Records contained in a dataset

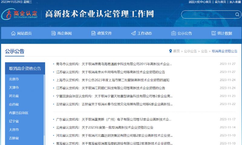 近日,小編統(tǒng)計(jì)了高新技術(shù)企業(yè)認(rèn)定管理工作網(wǎng)11月公布的被取消企業(yè)高新技術(shù)資格的公司名單。據(jù)統(tǒng)計(jì),共計(jì)248家企業(yè)被取消或撤銷(xiāo)企業(yè)高新技術(shù)資格。被取消企業(yè)高新技術(shù)資格的企業(yè)包括青海省2家、河北省2家、云南省3家、廣東省32家、吉林省6家、寧夏回族自治區(qū)2家、上海市79家、江蘇省121家、青島市1家。這說(shuō)明相關(guān)部門(mén)正在加緊對(duì)一些偽高企、假高企進(jìn)行事后核查。
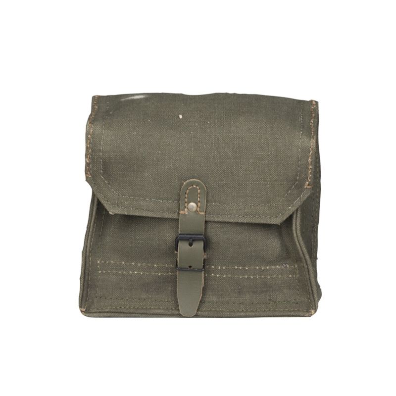 Sacoche historique vraisemblablement utilisée pour transporter des munitions. Elle est équipée d'une solide bandoulière en cuir. À l'intérieur, deux compartiments sont dotés d'un rabat en cuir. Fermeture par une boucle en cuir. Dimensions : environ 20 x 16 x 9 cm.
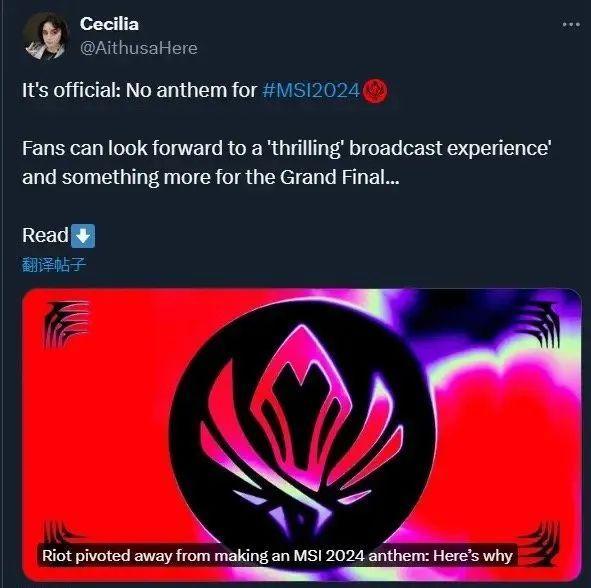 這也是自2019年MSI以來首次沒有主題曲的MSI。
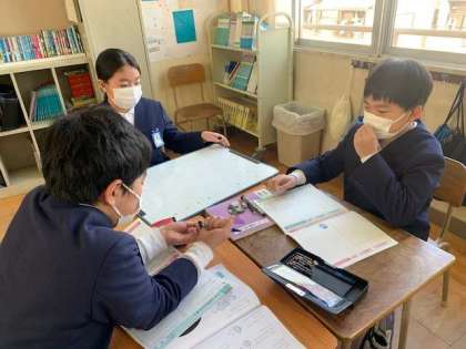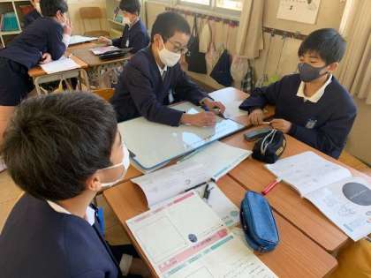 「わたしのせいじゃない」という単元の学習で、いじめについて考えました。いじめが起こっているクラスで、「わたしのせいじゃない」と言っている子どもたちに、どんな声かけをするのかを一人ひとりが考えました。最後にグループで、いじめの止め方について話し合い、いじめは絶対にあってはいけないことだと、再認識することができました。
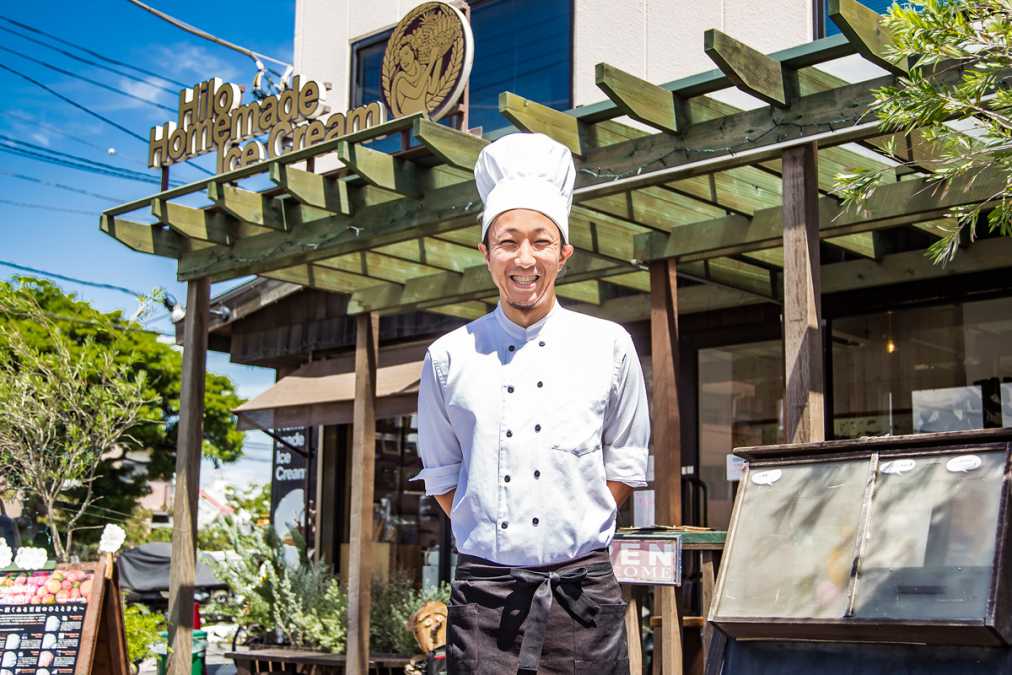「ヒロ ホームメイド アイス クリーム」のはじまりは、ハワイ島の沿岸都市・ヒロで日系アメリカ人夫婦が開いたアイスクリーム店でした。オーナーの永江仁さんはヒロで4代目と出会い、アイスクリーム製造に携わるように。その後、5代目として引き継ぎ、日本で開業したのは2006年のこと。ヒロとどことなく雰囲気が似ている、鵠沼海岸に工房を構えました。
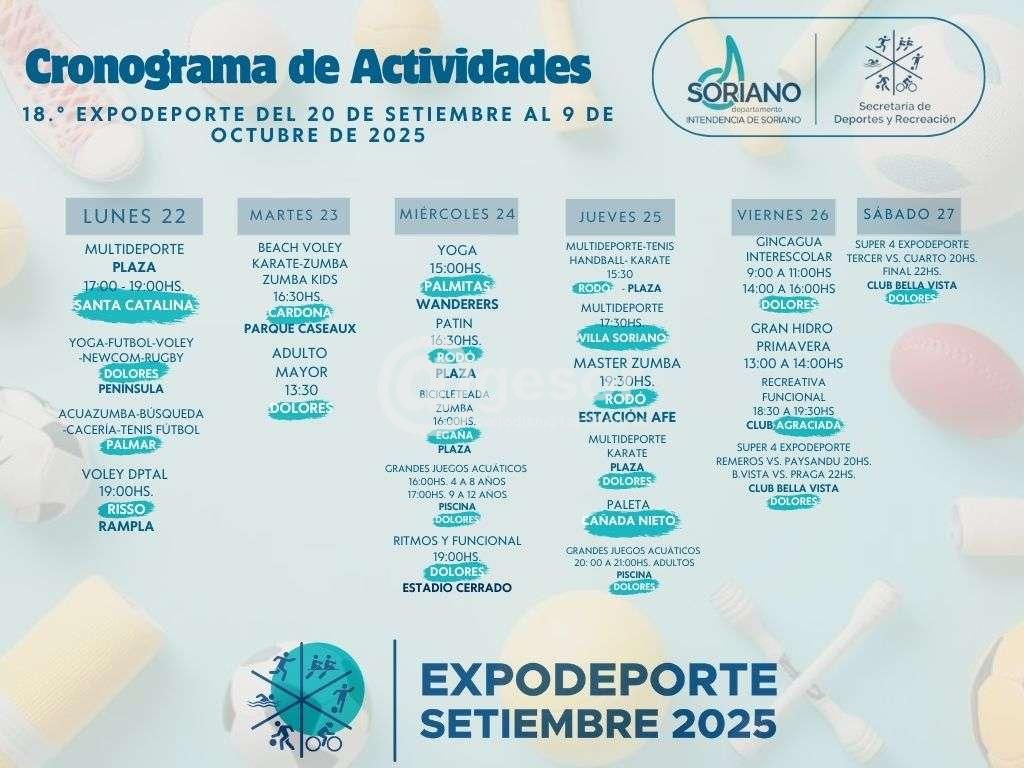 La 18ª Fiesta Nacional del Deporte y la Recreación - Expodeporte 2025 se inicia este sábado, y tendrá una gran agenda de actividades en Mercedes y en localidades del interior del departamento, hasta el 9 de octubre.

- **TASK STATEMENT**: Each entry above should be given again exactly, with its pictures omitted.

- **ANSWER FOR THE TASK**:
 近日,小編統(tǒng)計(jì)了高新技術(shù)企業(yè)認(rèn)定管理工作網(wǎng)11月公布的被取消企業(yè)高新技術(shù)資格的公司名單。據(jù)統(tǒng)計(jì),共計(jì)248家企業(yè)被取消或撤銷(xiāo)企業(yè)高新技術(shù)資格。被取消企業(yè)高新技術(shù)資格的企業(yè)包括青海省2家、河北省2家、云南省3家、廣東省32家、吉林省6家、寧夏回族自治區(qū)2家、上海市79家、江蘇省121家、青島市1家。這說(shuō)明相關(guān)部門(mén)正在加緊對(duì)一些偽高企、假高企進(jìn)行事后核查。
 Sacoche historique vraisemblablement utilisée pour transporter des munitions. Elle est équipée d'une solide bandoulière en cuir. À l'intérieur, deux compartiments sont dotés d'un rabat en cuir. Fermeture par une boucle en cuir. Dimensions : environ 20 x 16 x 9 cm.
 這也是自2019年MSI以來首次沒有主題曲的MSI。
 「わたしのせいじゃない」という単元の学習で、いじめについて考えました。いじめが起こっているクラスで、「わたしのせいじゃない」と言っている子どもたちに、どんな声かけをするのかを一人ひとりが考えました。最後にグループで、いじめの止め方について話し合い、いじめは絶対にあってはいけないことだと、再認識することができました。
「ヒロ ホームメイド アイス クリーム」のはじまりは、ハワイ島の沿岸都市・ヒロで日系アメリカ人夫婦が開いたアイスクリーム店でした。オーナーの永江仁さんはヒロで4代目と出会い、アイスクリーム製造に携わるように。その後、5代目として引き継ぎ、日本で開業したのは2006年のこと。ヒロとどことなく雰囲気が似ている、鵠沼海岸に工房を構えました。
 La 18ª Fiesta Nacional del Deporte y la Recreación - Expodeporte 2025 se inicia este sábado, y tendrá una gran agenda de actividades en Mercedes y en localidades del interior del departamento, hasta el 9 de octubre.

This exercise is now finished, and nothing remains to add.